【コピペOK】#01:秘密保持契約書のひな型
個人や会社が取引をしようとするとき、投資を受けようとするとき、必ずと言ってよいほど交わされる「秘密保持契約書」。英語ではConfidential AgreementあるいはNon-disclosure Agreementといいます。
一般的な書籍やウェブ上にもたくさんひな型が落ちていますが、それを使うことでどういうことが生じるのか、どういった意味が生じるのか、それを分からずに使ってしまうことはやや危険です。内容をきちんと理解せずに締結した秘密保持契約書に基づいて多額の賠償責任を問われるということも考えられなくありません。
一般に、秘密保持契約書は、情報を受領する側なのか、情報を開示する側なのか、によって見る視点は全く異なりますが、このひな型は、のようなややこしいことは全て捨象し、受領側であっても開示側であっても使用して大きな問題が生じないような、極めて「無難な」秘密保持契約書のひな型です。誤解を恐れずにかんたんに言えば、開示された情報は、冒頭に記載した「本件目的」の範囲内でのみ使用し(悪用しない)、かつ、他の人に開示・漏洩してはだめ、という内容です。

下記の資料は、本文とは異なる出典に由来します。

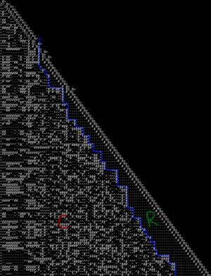 "The left side is just bouncing around a 1212... pattern, nothing interesting there. But the right side has this extremely peculiar 'binary counter'. Since the head never moves more than a fixed number of cells (3, but effectively only 1) from right to left before finally resetting, we know that all information must flow from left to right. Therefore, it acts somewhat like a binary counter, in the sense that each cell must follow an eventually-periodic pattern as long as the machine doesn't halt, and that period is a non-decreasing power of 2. But as we look further to the right, the pattern actually gets more and more complex, as opposed to the trivial back-and-forth flipping of a real binary counter. The attached program calculates the pattern for each cell, as a function of the previous cell's pattern; by cell 99, the pattern is 11531 lines long. My current hope is in how repetitive the pattern appears; it often has just BBBB..., CCCC..., or ADAD... for hundreds of lines straight. So it might be bounded in how much information it actually contains, which would open a pathway for proving it non-halting."
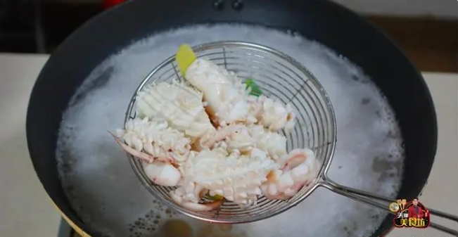 詳細做法如下: 第一步:將魷魚的外皮撕掉,清洗干凈之后,把魚身割開,先斜刀打上刀花,但是注意刀要輕,不要切斷了,一面打上刀花之后,換個方向,從另一個方向斜著打刀花,讓刀花形成一個小的菱形方格,再改刀切成小方塊,這樣炒出來就會卷起來,還有花條。處理完魚身后,把魷魚須也切成小段,裝盤備用。 第二步:青紅椒去蒂去籽之后,切成小長條,再斜刀切成菱形小塊,裝盤備用。生姜和大蒜切成片,裝盤備用。 第三步:起鍋加入清水,魷魚冷水下鍋,再放入生姜的邊角料和幾片蔥,淋上少許料酒,大火煮開焯水,煮至魷魚卷起來后,出鍋裝盤備用。

「そもそも秘密保持契約書はなぜ締結するのか?」「秘密保持契約書を締結することによって生じる当事者の義務はなにか?」「それぞれの条項が持つ意味は?」「秘密保持の期間は何年にしたら良い?」といった基礎的なことを分かりやすく解説したものも追ってアップする予定ですが、ひとまずひな型本文のみを公開いたします。
本ひな型は、そのままお使いいただくのも、一部をコピペしていただくのも全て自由です。どうぞご活用ください。微力ながらスタートアップ、フリーランスの皆様のお役に立てましたら幸いです。
(以下、秘密保持契約書のひな型)
秘密保持契約書
株式会社AA【=相手方】(以下「甲」という。)と株式会社BB【=自社】(以下「乙」という。)は、[●●の検討および遂行](以下「本件目的」という。)に関し甲乙間で相互に開示される情報の秘密保持について、以下の通り合意する(以下「本契約」という。)。
第1条 (定義)
1.本契約において「秘密情報」とは、書類、口頭等方法を問わず、本件目的に関連して本契約の一方当事者が(以下「開示当事者」という。)が他方当事者(以下「受領当事者」という。)に対し開示した情報をいう。
2.次の各号に定める情報は、秘密情報には含まれないものとする。
①開示を受けた時点で受領当事者が既に保有していた情報
②開示を受けた時点で既に公知であった情報
③開示を受けた後、受領当事者の責めに帰さない事由により公知となった情報
④開示を受けた後、正当な権限を有する第三者から秘密保持義務を負うことなく入手した情報
⑤開示を受けた後、秘密情報に関係なく当社が独自に開発した情報
第2条 (秘密保持)
1.受領当事者は、秘密情報を厳に秘密として保持及び管理し、開示当事者の事前の書面による承諾がない限り、秘密情報を第三者に開示しないものとする。但し、受領当事者は、次の各号に掲げる場合、開示当事者の承諾なく秘密情報を開示することができる。
①受領当事者の役員もしくは従業員または関係会社に対し開示する場合
②受領当事者の依頼する弁護士、税理士、公認会計士、アドバイザー、コンサルタントその他の外部専門家に対し開示する場合
③法令または裁判所、行政機関、公的機関等の規則、命令、要請等により開示する場合
2.受領当事者は、前項第1号又は第2号に基づき秘密情報を開示する場合、当該被開示者に本契約と同等の秘密保持義務を遵守させるものとする。
第3条 (秘密情報の使用)
受領当事者は、本件目的以外の目的で、秘密情報を使用しないものとする。
第4条 (秘密情報の返還・廃棄)
受領当事者は、開示当事者の書面による要求があった場合、開示当事者の指示に従い、遅滞なく秘密情報及びその写しを開示当事者に返還または廃棄するものとする。但し、本件目的または適用法令もしくは受領当事者の社内規程もしくは監査基準に照らし受領当事者において引き続き保管することが必要である場合は、この限りではない。
第5条 (損害賠償)
甲および乙は、相手方が故意または過失により本契約に違反した場合、これにより被った損害(合理的な弁護士費用を含む。)の賠償を請求することができる。
第6条 (契約の有効期間)
本契約の有効期間は、本契約締結日から1年間とする。
第7条 (準拠法)
本契約は日本法に準拠し、日本法に従って解釈されるものとする。
第8条 (合意管轄)
本契約の履行および解釈に関し紛争が生じた場合、東京地方裁判所を第一審の専属的合意管轄裁判所とする。
本契約締結の証として本書2通を作成し、甲乙各記名捺印の上、各1通保有する。